§ **Raw data**
========================================

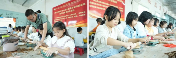 10月26日,30名满怀好奇与期待的小学生踏入了三明农校的“陶艺职业劳动体验区”。在这里,胡少文老师以陶艺为载体,讲述了一段段古老而又生动的故事,从陶艺的历史沿革到制作技艺的细腻讲解,无不引人入胜。孩子们在胡老师的耐心指导下,挑选陶土、熟悉工具、构思造型,一步步将手中的泥巴幻化成了形态各异的陶艺莲花盘。在制作过程中,孩子们的创造力得到了充分释放,每一张专注的脸庞,每一个细致的动作,都映射出他们对美的追求和对劳动的尊重。
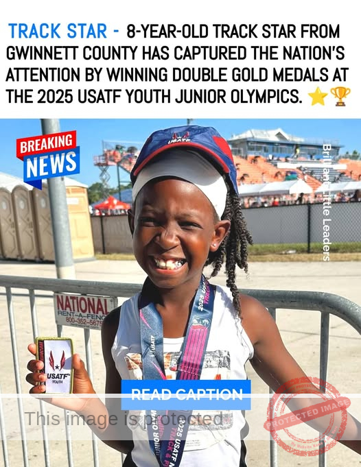 Gwinnett County, GA — Hope Bradley, an 8-year-old from Gwinnett County, has made a big splash in the world of track and field by capturing two gold medals and one silver at the 2025 USATF Youth Junior Olympics, held from July 21 to 27, 2025. Competing against the best youth athletes from across the country, Bradley’s stellar performances have made her one of the brightest young stars in the sport.
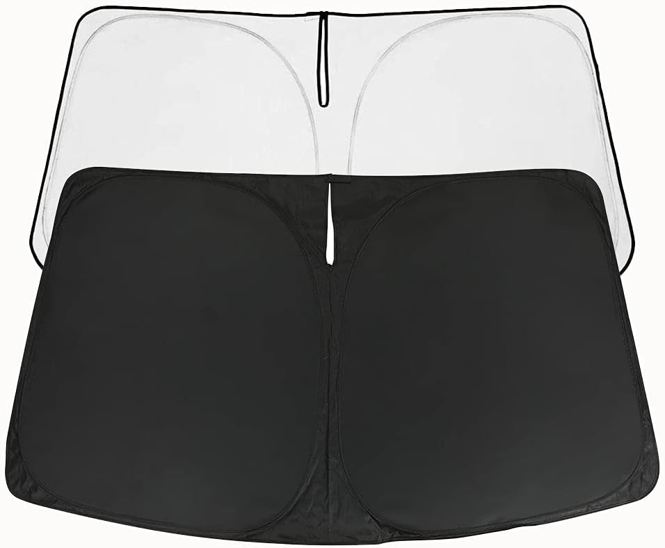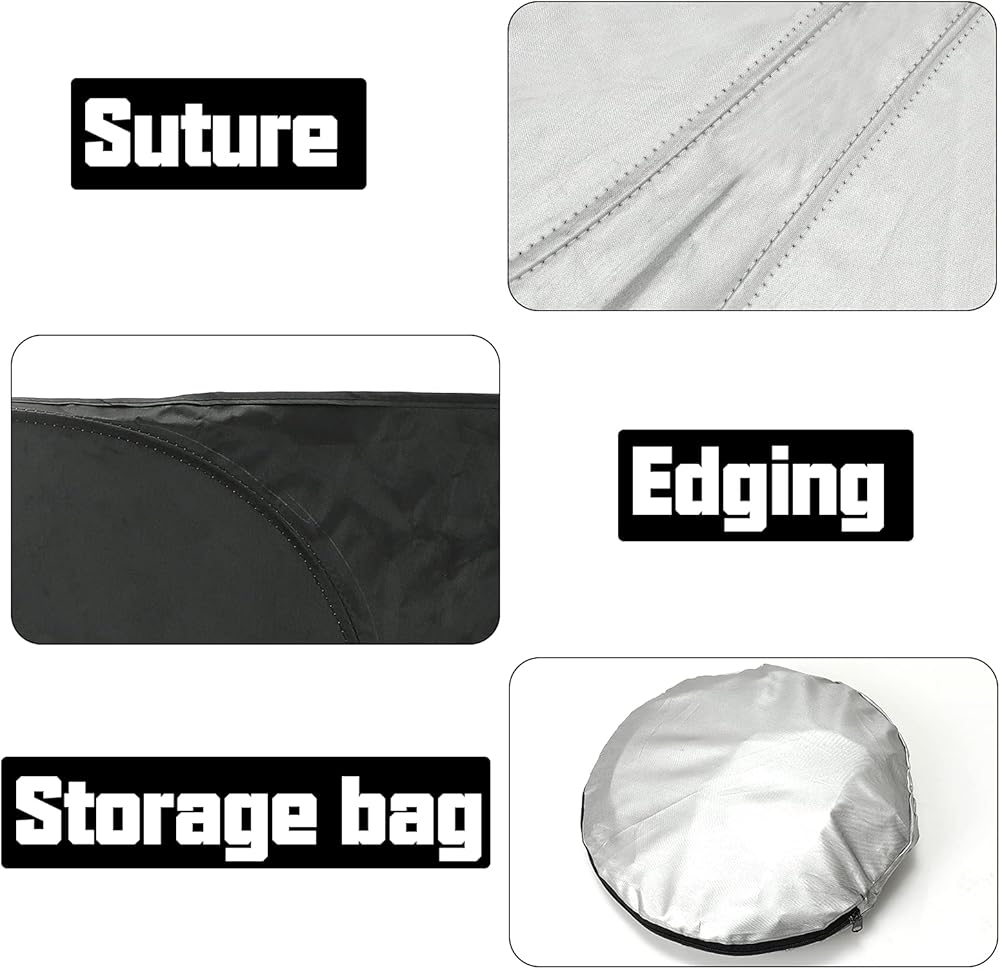 مادة 3 طبقات مطورة: مظلة الشمس ذات 4 طبقات مصنوعة من رقائق ألومنيوم PEVA وقطن الرش ونسيج عاكس 240T (أكثر متانة وسميكة من مادة 210T)، تتكون مظلة الشمس الخاصة بنا من طبقات عاكسة مزدوجة و3 طبقات عازلة للحرارة يمكنها يجعل التظليل والعزل أكثر فعالية، ويحافظ على برودة سيارتك ويحميها من الأضرار الناجمة عن أشعة الشمس الحارة
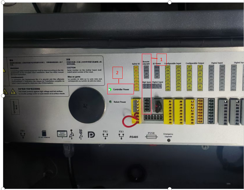 第二步:找到机器人控制柜远程开关机端口,即图-1第一处红框标记处
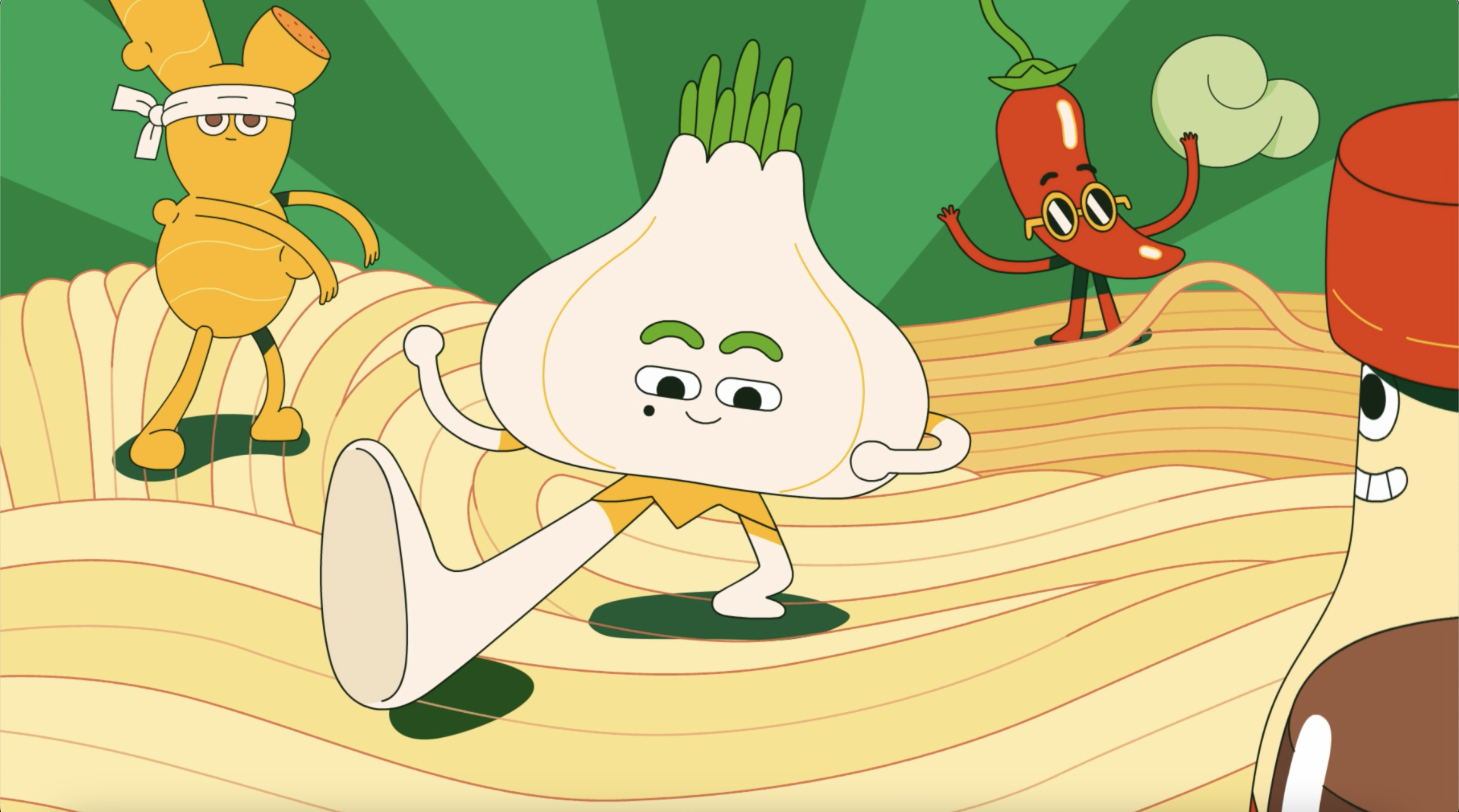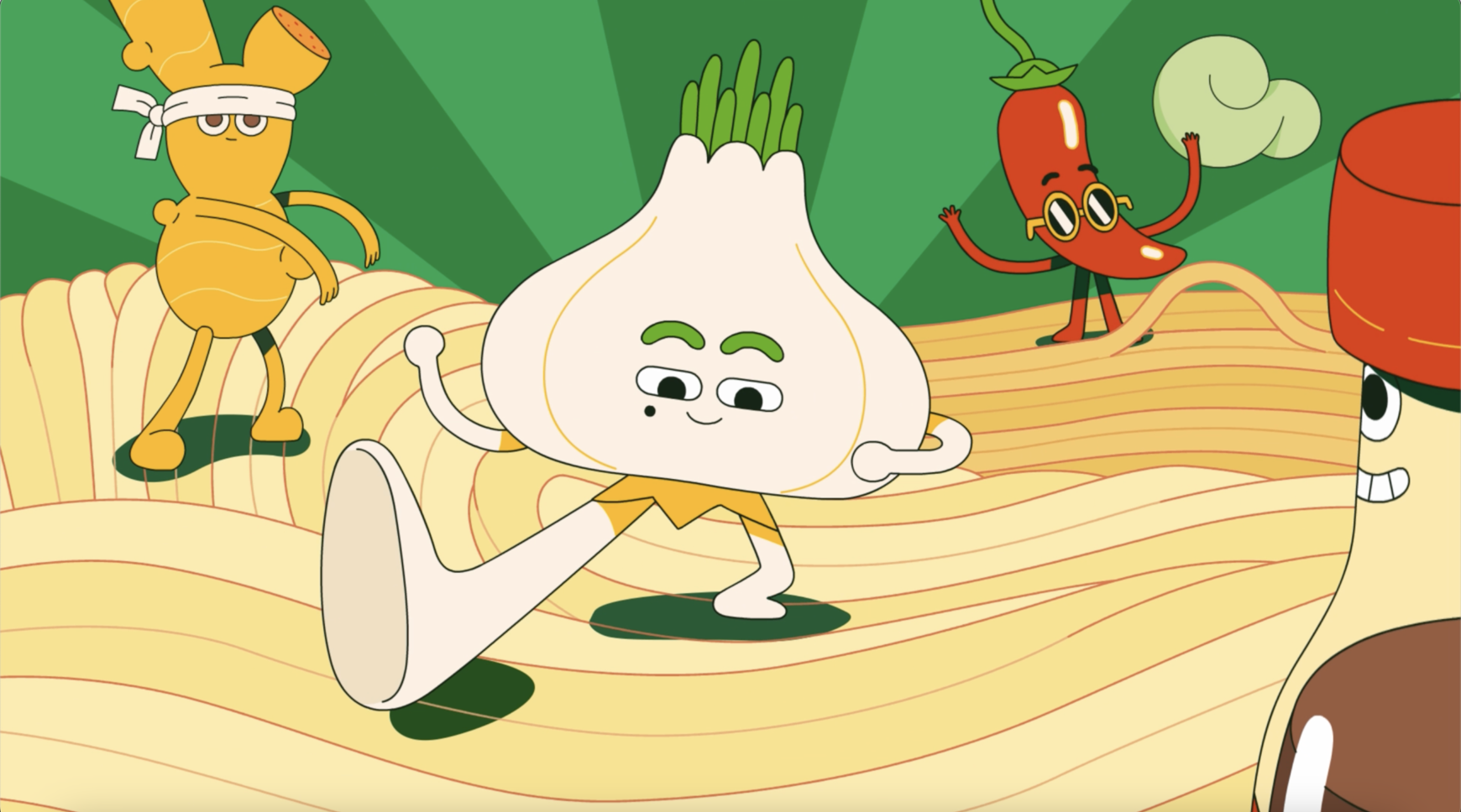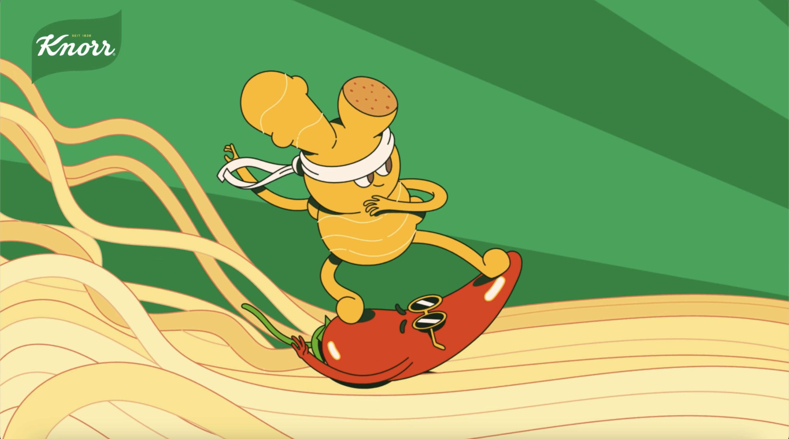 In four spots ranging from 6s to 15s, the fun-loving foodstuffs surf, dive, breakdance and bob among the noodles that fill the pack world. These amigos are the life of the party, with a unique sense of character infused in each. The four are easily recognisable as simple, synthesized forms of the produce they personify.

========================================

§ **What this task involves**
With the images left out, set down each record exactly as it appears.

§ **Exercise output**
 10月26日,30名满怀好奇与期待的小学生踏入了三明农校的“陶艺职业劳动体验区”。在这里,胡少文老师以陶艺为载体,讲述了一段段古老而又生动的故事,从陶艺的历史沿革到制作技艺的细腻讲解,无不引人入胜。孩子们在胡老师的耐心指导下,挑选陶土、熟悉工具、构思造型,一步步将手中的泥巴幻化成了形态各异的陶艺莲花盘。在制作过程中,孩子们的创造力得到了充分释放,每一张专注的脸庞,每一个细致的动作,都映射出他们对美的追求和对劳动的尊重。
 Gwinnett County, GA — Hope Bradley, an 8-year-old from Gwinnett County, has made a big splash in the world of track and field by capturing two gold medals and one silver at the 2025 USATF Youth Junior Olympics, held from July 21 to 27, 2025. Competing against the best youth athletes from across the country, Bradley’s stellar performances have made her one of the brightest young stars in the sport.
 مادة 3 طبقات مطورة: مظلة الشمس ذات 4 طبقات مصنوعة من رقائق ألومنيوم PEVA وقطن الرش ونسيج عاكس 240T (أكثر متانة وسميكة من مادة 210T)، تتكون مظلة الشمس الخاصة بنا من طبقات عاكسة مزدوجة و3 طبقات عازلة للحرارة يمكنها يجعل التظليل والعزل أكثر فعالية، ويحافظ على برودة سيارتك ويحميها من الأضرار الناجمة عن أشعة الشمس الحارة
 第二步:找到机器人控制柜远程开关机端口,即图-1第一处红框标记处
 In four spots ranging from 6s to 15s, the fun-loving foodstuffs surf, dive, breakdance and bob among the noodles that fill the pack world. These amigos are the life of the party, with a unique sense of character infused in each. The four are easily recognisable as simple, synthesized forms of the produce they personify.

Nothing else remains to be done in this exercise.